Лев Толстой - Воскресение
Дурной поступок только накатывает дорогу к дурным поступкам; дурные же мысли неудержимо влекут по этой дороге.
Повторив в своем воображении утром вчерашние мысли, Нехлюдов удивился тому, как мог он хоть на минуту поверить им. Как ни ново и трудно было то, что он намерен был сделать, он знал, что это была единственная возможная для него теперь жизнь, и как ни привычно и легко было вернуться к прежнему, он знал, что это была смерть. Вчерашний соблазн представился ему теперь тем, что бывает с человеком, когда он разоспался, и ему хочется хоть не спать, а еще поваляться, понежиться в постели, несмотря на то, что он знает, что пора вставать для ожидающего его важного и радостного дела.
В этот день, последний его пребывания в Петербурге, он с утра поехал на Васильевский остров к Шустовой.
Квартира Шустовой была во втором этаже. Нехлюдов по указанию дворника попал на черный ход и по прямой и крутой лестнице вошел прямо в жаркую, густо пахнувшую едой кухню. Пожилая женщина, с засученными рукавами, в фартуке и в очках, стояла у плиты и что-то мешала в дымящейся кастрюле.
— Вам кого? — спросила она строго, глядя поверх очков на вошедшего.
Не успел Нехлюдов назвать себя, как лицо женщины приняло испуганное и радостное выражение.
— Ах, князь! — обтирая руки о фартук, вскрикнула женщина. — Да зачем вы с черной лестницы? Благодетель вы наш! Я мать ей. Погубили ведь было совсем девочку. Спаситель вы наш, — говорила она, хватая Нехлюдова за руку и стараясь поцеловать ее. — Я вчера была у вас.

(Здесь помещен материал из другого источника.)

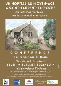 Au XIVᵉ siècle, Marguerite de Vienne, veuve du seigneur de Saint Laurent la Roche, fonda un hôpital destiné à accueillir pauvres et voyageurs. Il ne subsiste de cet établissement que la chapelle et son histoire est largement méconnue. Jean Charles Allain nous propose de redonner vie à cette institution disparue en retraçant son rôle, son organisation et son évolution au fil des siècles jusqu’à la Révolution. Une plongée passionnante dans la charité médiévale et la mémoire du village.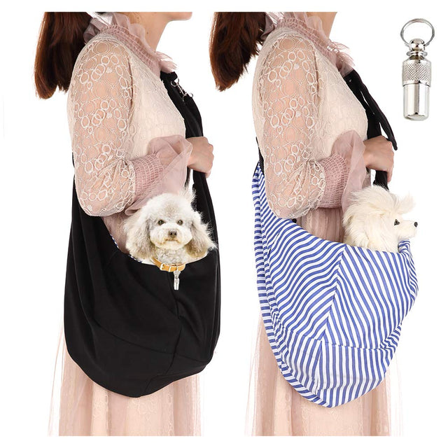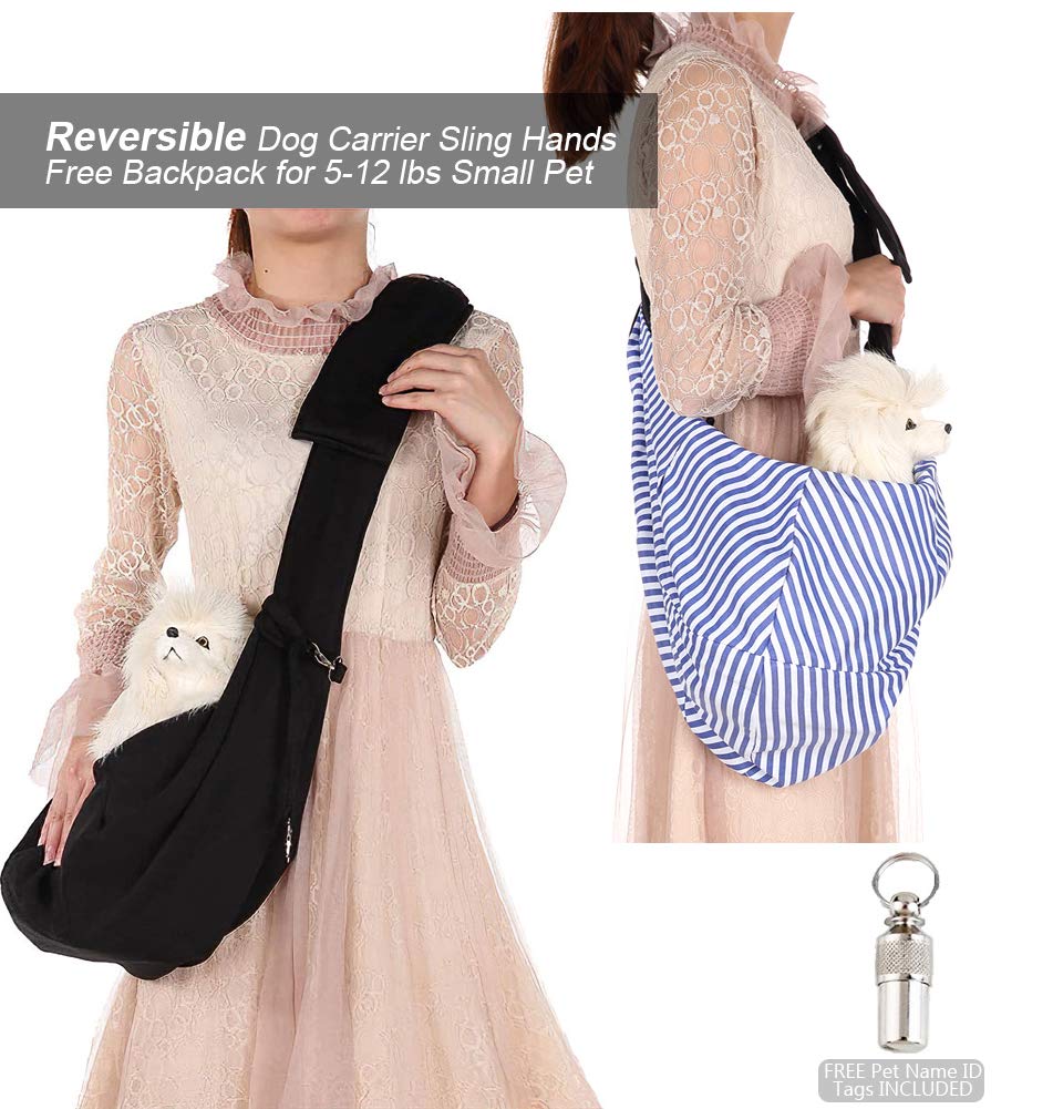 Lynkaye Small Dog & Cat Travel Bag - Hands Free Pet Carrier with Adjustable Strap & Stainless Steel ID Barrel (Black, Up to 12 lbs)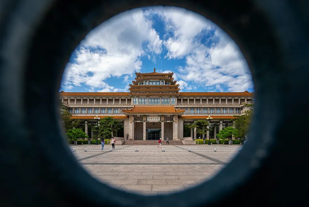 如果只拍摄一个孤零零的美术馆的话,可能视角会有些平平无奇,不妨试试借景构图。站在中国美术馆楼前,我借着馆外的围栏当作前景,利用圆洞框架构图,拍摄蓝天下的中国美术馆。将对焦点置于视觉中心的美术馆,如此一虚一实,有暗有明,便能突出被摄主体。
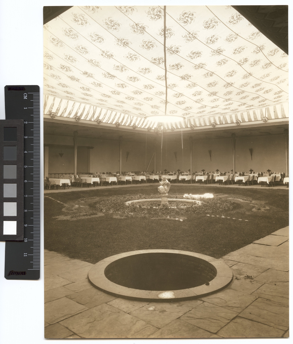 Huvudrestaurangen, gården. Brunn i förgrunden samt liten bassäng med skulptur i och blomsterrabatter omkring.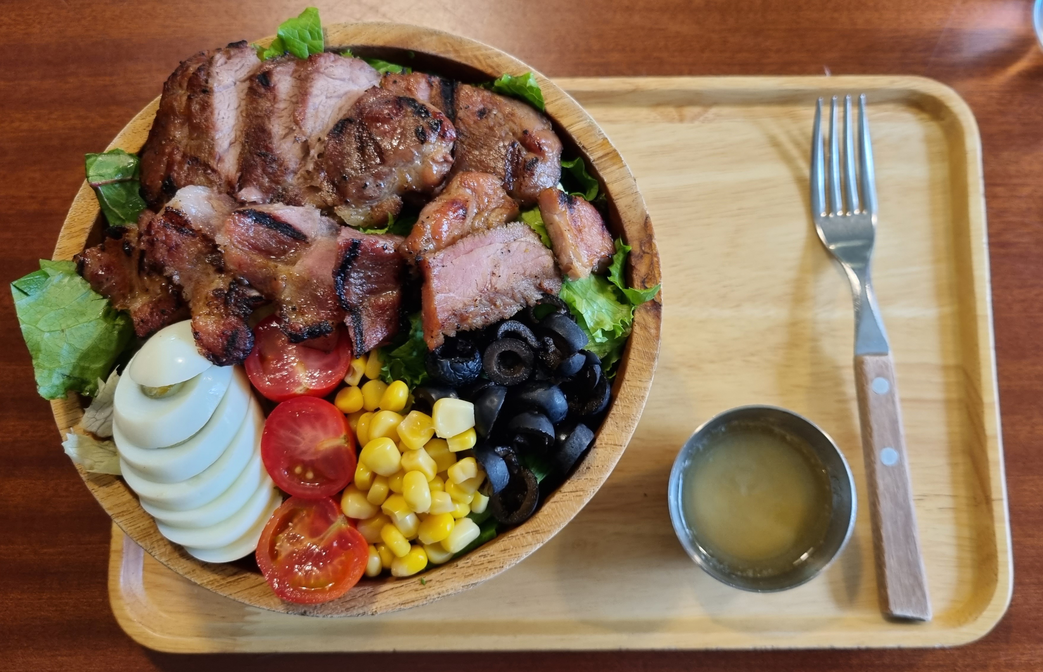 목살 스테이크 샐러드.

Меня сестра особенно просила.
Она здесь. Сюда, сюда, пожалуйте за мной, — говорила мать-Шустова, провожая Нехлюдова через узкую дверь и темный коридорчик и дорогой оправляя то подтыканное платье, то волосы. — Сестра моя Корнилова, верно слышали, — шепотом прибавила она, остановившись перед дверью. — Она была замешана в политических делах. Умнейшая женщина.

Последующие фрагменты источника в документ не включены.